Target function: org.apache.catalina.core.StandardPipeline:void setBasic(org.apache.catalina.Valve) The different callee results between callgraph.callSitesIn(caller) and callgraph.getCalleesOfM(caller):

Reaching the target function.
****** Invoke ****** (`callgraph.callSitesIn`)
[caller]: org.apache.catalina.core.StandardPipeline:void setBasic(org.apache.catalina.Valve)
callee: org.apache.catalina.Lifecycle:void stop()
callee: org.apache.juli.logging.Log:void error(java.lang.Object,java.lang.Throwable)
callee: org.apache.catalina.Contained:void setContainer(org.apache.catalina.Container)
callee: org.apache.catalina.Contained:void setContainer(org.apache.catalina.Container)
callee: org.apache.catalina.Lifecycle:void start()
callee: org.apache.juli.logging.Log:void error(java.lang.Object,java.lang.Throwable)
callee: org.apache.catalina.Valve:org.apache.catalina.Valve getNext()
callee: org.apache.catalina.Valve:void setNext(org.apache.catalina.Valve)
callee: org.apache.catalina.Valve:org.apache.catalina.Valve getNext()
********************
****** JMethod ***** (`callgraph.getCalleesOfM`)
[caller]: org.apache.catalina.core.StandardPipeline:void setBasic(org.apache.catalina.Valve)
callee: org.apache.catalina.valves.ValveBase:org.apache.catalina.Valve getNext()
callee: org.apache.catalina.valves.ValveBase:void setContainer(org.apache.catalina.Container)
callee: org.apache.catalina.valves.ValveBase:void setNext(org.apache.catalina.Valve)
callee: org.apache.catalina.core.StandardContextValve:void setContainer(org.apache.catalina.Container)
********************

Besides, the callees in the testTaieCG/output/call-edges.txt are the same as the result of callgraph.getCalleesOfM(caller), which missed the callees Lifecycle: void start(), Lifecycle: void stop(), and Log: void error(..). Although the result of callee.callSitesIn(caller) is complete and comprehensive, but the callees' classes are interfaces (Interfaces: Contained, Lifecycle, Valve) not the actual run subclasses.

Test Package

The test package is org.apache.tomcat:catalina:6.0.33 catalina_6.0.33.zip

I am looking forward to your reply. Thank you so much!
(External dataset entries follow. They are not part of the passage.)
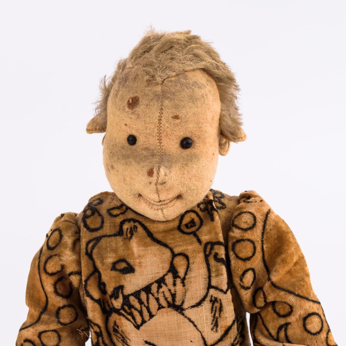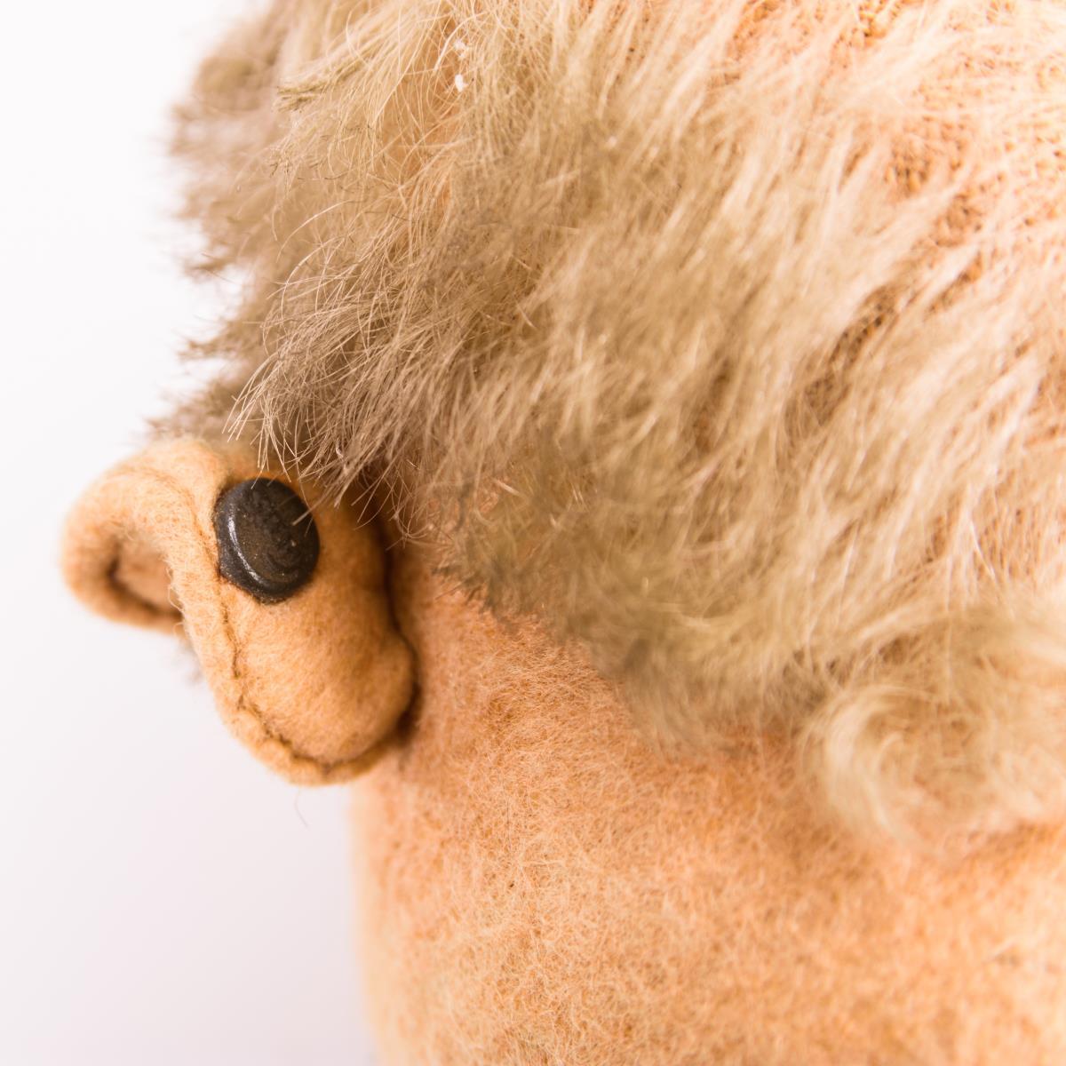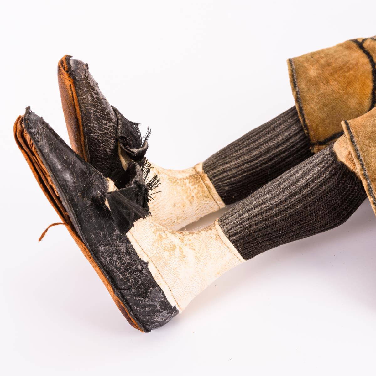 Clownfigur aus der Steiff-Zirkusserie, in Samtanzug und großen schwarzen Lederschuhen mit Schleife. Altersspuren, kleine Defekte, Farbe stark verblichen, Hut fehlt.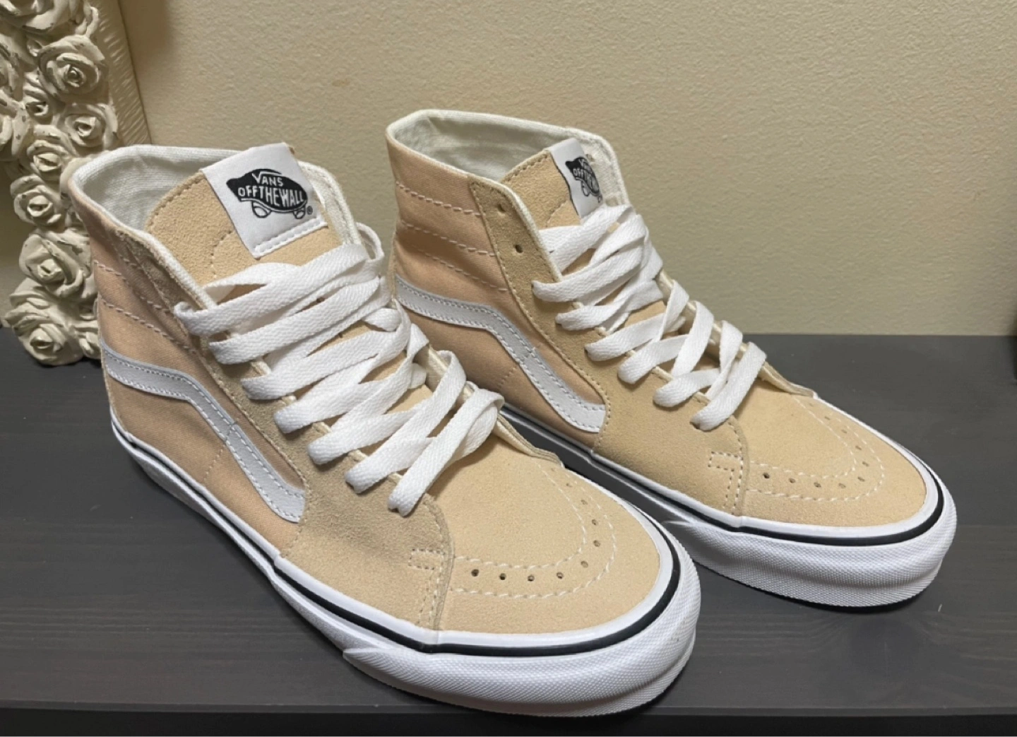 Upper is a leather/canvas mix with standard vans rubber soles. Colour: Honey Peach - a beautiful and very versatile neutral tone for spring, summer and fall!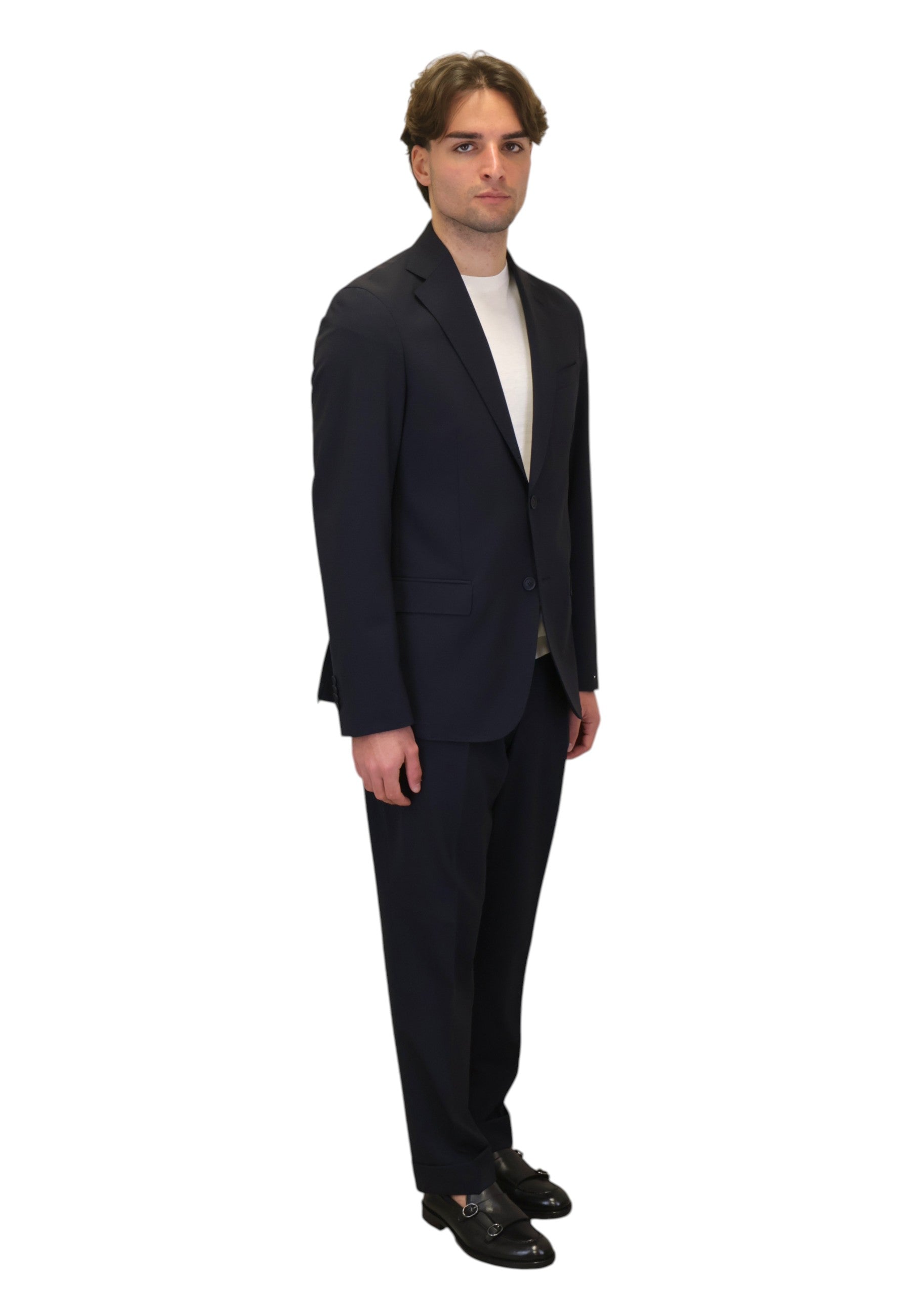 Perfetto per l’uomo che cerca un abito elegante in lana vergine, comodo e ricercato, questo modello rappresenta una scelta di classe per l’ufficio, le occasioni speciali o il guardaroba formale di alta qualità.

zhangt2333 commented 10 months ago

Thank you for extracting and editing and sending this detailed information! ❤️

Maybe it's more convenient for you to just package the code and upload it (in the Issue Comment Editor, or more professionally, in the GitHub Repo)~

I'll take a look.

fangyuan00 commented 10 months ago

@zhangt2333 Thank you for your reminding. The test code repository is https://github.com/fangyuan00/testTaieCG. The test package located on src/main/resources/catalina_6.0.33. The compiled Tai-e library is on lib/.

zhangt2333 commented 10 months ago

That's really helpful!! It brings me immense power and joy to contribute to the open-source with ❤️, especially working to address problems for individuals like yourself.


Besides, the callees in the testTaieCG/output/call-edges.txt are the same as the result of callgraph.getCalleesOfM(caller), which missed the callees Lifecycle: void start(), Lifecycle: void stop(), and Log: void error(..). Although the result of callee.callSitesIn(caller) is complete and comprehensive, but the callees' classes are interfaces (Interfaces: Contained, Lifecycle, Valve) not the actual run subclasses.

The essence of pascal.taie.ir.stmt.Invoke.

An pascal.taie.ir.stmt.Invoke, which is one of the IR elements in Tai-e, only represent the infomation in the code level but not the running/analysis. So invoke.getInvokeExp().getMethodRef() will only get that it's calling a method represented in the code level, e.g., Lifecycle: void start().

How to get the actual callee?

Invoke will be dispatched to its real callee(s) based on its base/receiver object during pointer analysis.

Just need to make a few changes to your code:

    public static void main(String[] args){
        App main = ...
        ...
+        World world = World.get();
+        PointerAnalysisResult ptaResult = world.getResult(PointerAnalysis.ID);
+        CallGraph<Invoke, JMethod> cg = world.getResult(CallGraphBuilder.ID);
+        JMethod method = world.getClassHierarchy().getMethod(
+                "<org.apache.catalina.core.StandardPipeline: void setBasic(org.apache.catalina.Valve)>");
+        cg.getCallSitesIn(method).forEach(invoke -> {
+            Set<JMethod> callees = cg.getCalleesOf(invoke);
+            System.out.println(invoke + "\n   calls to " + callees);
+            if (invoke.getInvokeExp() instanceof InvokeInstanceExp invokeInstanceExp) {
+                Var base = invokeInstanceExp.getBase();
+                Set<Obj> pointsToSet = ptaResult.getPointsToSet(base);
+                System.out.println("  based on " + base + " pointing to " + pointsToSet);
+            }
+            System.out.println();
        });

Then it outputed:

<org.apache.catalina.core.StandardPipeline: void setBasic(org.apache.catalina.Valve)>[10@L369] invokeinterface $r8.stop()
  calls to []
  based on $r8 pointing to []

...

<org.apache.catalina.core.StandardPipeline: void setBasic(org.apache.catalina.Valve)>[19@L376] invokeinterface $r7.setContainer(%nullconst)
  calls to [<org.apache.catalina.valves.ValveBase: void setContainer(org.apache.catalina.Container)>, <org.apache.catalina.core.StandardContextValve: void setContainer(org.apache.catalina.Container)>]
  based on $r7 pointing to [NewObj{<org.apache.catalina.core.StandardEngine: void <init>()>[11@L79] new org.apache.catalina.core.StandardEngineValve}, NewObj{<org.apache.catalina.core.StandardContext: void <init>()>[171@L132] new org.apache.catalina.core.StandardContextValve}, NewObj{<org.apache.catalina.core.StandardHost: void <init>()>[31@L73] new org.apache.catalina.core.StandardHostValve}]

...

Because the base/receiver object $r8 of invokeinterface $r8.stop() pointed to nothing, it invoked nothing.

fangyuan00 commented 10 months ago

Thank you for resolving the problems that puzzled me for two days!!